All has descended into relative quiet though. It has been nearly 24 hours since the orcas called, they’re somewhere to the north, suddenly reclusive and introverted after two weeks of tracing the shorelines of Johnstone and Blackfish. The water feels empty without them. Chelsea and I did seem them yesterday on the way into Alert Bay on the weekly pilgrimage to civilization for food and beer. Relaxed and at peace with the world, the A30s and A42s traced back in forth off the north end of Swanson Island near a place called Bold Head. We couldn’t resist stopping to watch. The contrast was shocking. Counting us three boats floated off the island, watching the two pods. I thought back to what whale watching was like in Juneau when someone saw a six foot dorsal fin. The never ending parade of boats, in a mob like blood thirsty consumers on black Friday. For a moment I felt guilty as I watched A38 rise to the surface off our bow, even from 100 yards he looked massive.  After all, I’d been part of it, had taken every opportunity to see the orcas when I could, because, try as I might, I just couldn’t look away. But here there was no ethical battle being waged inside. We were just one of three instead of thirty. We watched the families rise and fall for a few minutes and continued on our way.

Even the humpbacks have slowed down, after a week that saw double breaches and a even one surfacing in the cove just feet from shore, their prey must have shifted. But last night, as the tide ebbed and Brittney and I sat in the cabin, a sound like thunder roared from the ocean fifty feet away. There was only one thing that could make water sound like that. We stood on the deck as the moon broke the clouds, illuminating a single strip of the black water below, and a shadow, darker even than the ocean rose. The humpback’s blow echoed off the islands and we could just make out the back as it arched and pulled the flukes into the air. A minute passed before as silent as the night itself, there came a great rush, a blow, and the humpback flew out of the water, its silhouette framed by Parson Island across the pass, the frothy white splash illuminated beautifully in the dark leaped twenty feet in the air as gravity pulled the whale back to the surface. Just another small moment of joy in the world of Hanson Island.

There’s little planned between now and the 16th of September when we go from care takers and volunteers, to hosts. Throughout the year, Paul and Helena have been fund raising by offering what they call, “perks.” Donate X dollars, get a CD of orca calls. Donate 5X (see, algebra!) and get a trip to Orca Lab. Cindy and Gene put up 5X, and decided September 16th-18th would be the best time to visit. Paul and Helena politely explained that they’d be out of the country still at the IWC. “That’s ok,” they said.

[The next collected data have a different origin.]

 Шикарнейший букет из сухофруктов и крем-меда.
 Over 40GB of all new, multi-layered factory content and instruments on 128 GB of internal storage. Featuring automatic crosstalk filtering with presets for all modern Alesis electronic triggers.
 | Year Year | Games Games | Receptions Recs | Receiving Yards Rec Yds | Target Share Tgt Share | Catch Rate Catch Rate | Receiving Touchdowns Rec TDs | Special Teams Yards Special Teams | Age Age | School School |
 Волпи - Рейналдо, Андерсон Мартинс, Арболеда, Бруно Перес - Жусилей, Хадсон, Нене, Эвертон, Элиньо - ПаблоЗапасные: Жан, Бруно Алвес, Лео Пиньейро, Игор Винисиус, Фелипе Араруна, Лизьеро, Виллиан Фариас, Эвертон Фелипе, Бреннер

Well than. Hopefully the whales come back and make an appearance for a few days, because theres only so many times we can show them the cedar trees and rubbing beach videos. Of course, if you’re willing to travel all this way, I’m willing to bet you’re perfectly happy to sit in what will still hopefully be sunny weather and watch the humpbacks, sea lions, and harbour seals cruise slowly back and forth in front of you. The night before they left, Paul  and Helena gave us a list of tasks and chores to keep the lab running in their absence as well as food and dinner ideas for when our guests arrived.

As the sun set and darkness claimed the living room and everyone began to clear the table, I asked the question I’d been meaning to for days. “These people that are coming,” I ask, “where are they from.”

Helena pauses for a moment, “the U.S,” she answers.

Something in her answer makes press further. “What state?”

A wry smile crosses her lips, Paul lets out a little chuckle. “Texas,” she answers.